[Opening RECORDED INFORMATION section]
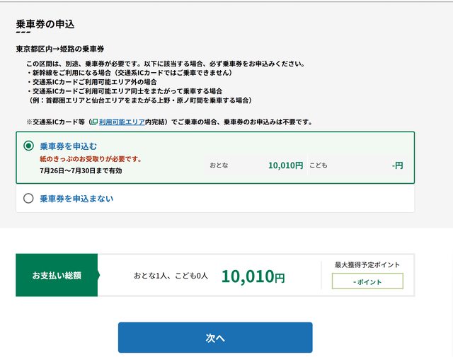 選"乗車券を申込む",接下來是結帳畫面
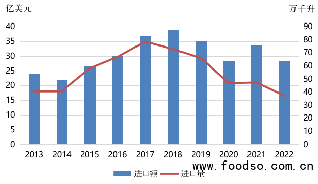 從進口量看,2013—2017年,我國葡萄酒進口量呈逐年上升趨勢,年均增長18.0%。2018—2022年,受反傾銷調(diào)查和新冠疫情等因素影響,我國葡萄酒進口量呈逐年減少趨勢,由2018年的72.7萬千升減至2022年的37.3萬千升。
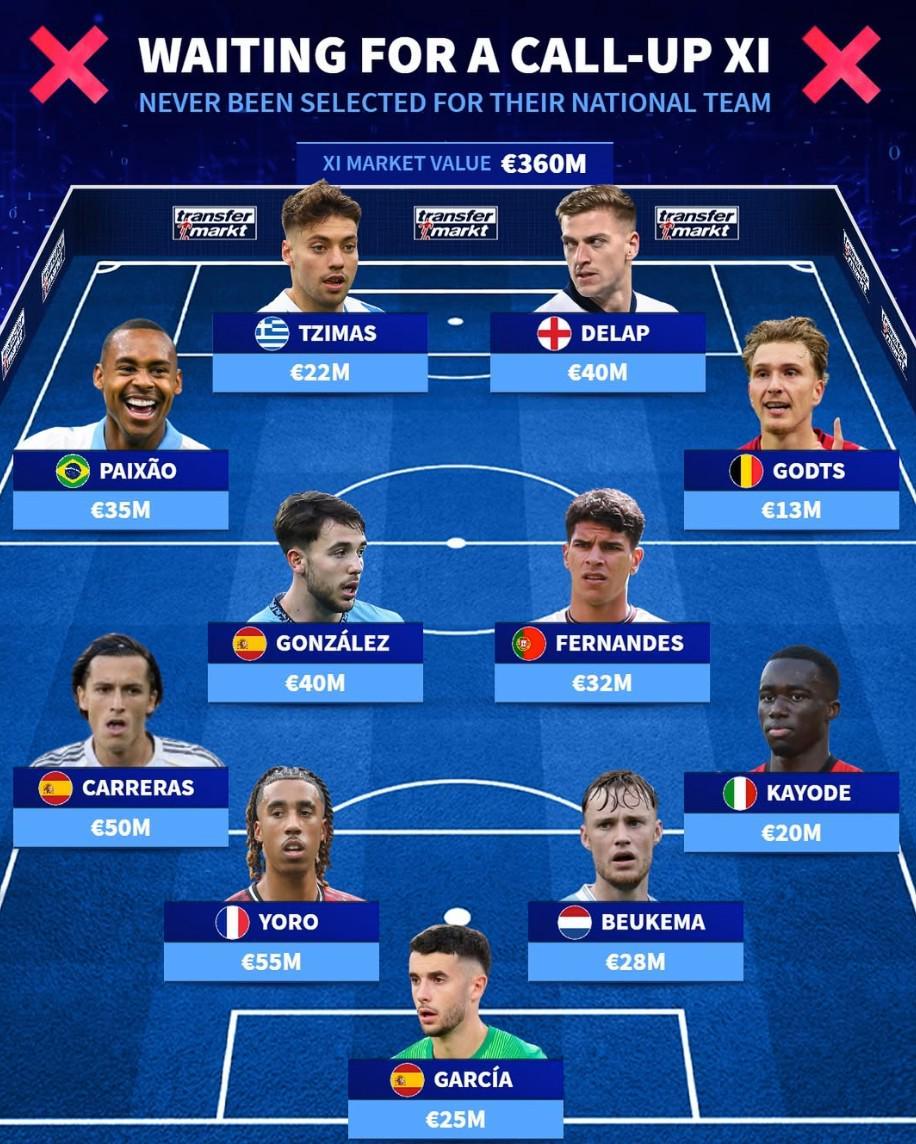 北京時(shí)間11月16日,德轉(zhuǎn)列出了從未入選過國(guó)家隊(duì)的11人陣容,其中包括了切爾西的德拉普、曼城的尼科-岡薩雷斯、皇家馬德里的阿爾瓦羅-卡雷拉斯、曼聯(lián)的約羅以及巴塞羅那的霍安-加西亞。
[Closing RECORDED INFORMATION section]
## TASK STATEMENT
Return the material word for word. Pictures are not part of the copy.

## TASK RESULT
 選"乗車券を申込む",接下來是結帳畫面
 從進口量看,2013—2017年,我國葡萄酒進口量呈逐年上升趨勢,年均增長18.0%。2018—2022年,受反傾銷調(diào)查和新冠疫情等因素影響,我國葡萄酒進口量呈逐年減少趨勢,由2018年的72.7萬千升減至2022年的37.3萬千升。
 北京時(shí)間11月16日,德轉(zhuǎn)列出了從未入選過國(guó)家隊(duì)的11人陣容,其中包括了切爾西的德拉普、曼城的尼科-岡薩雷斯、皇家馬德里的阿爾瓦羅-卡雷拉斯、曼聯(lián)的約羅以及巴塞羅那的霍安-加西亞。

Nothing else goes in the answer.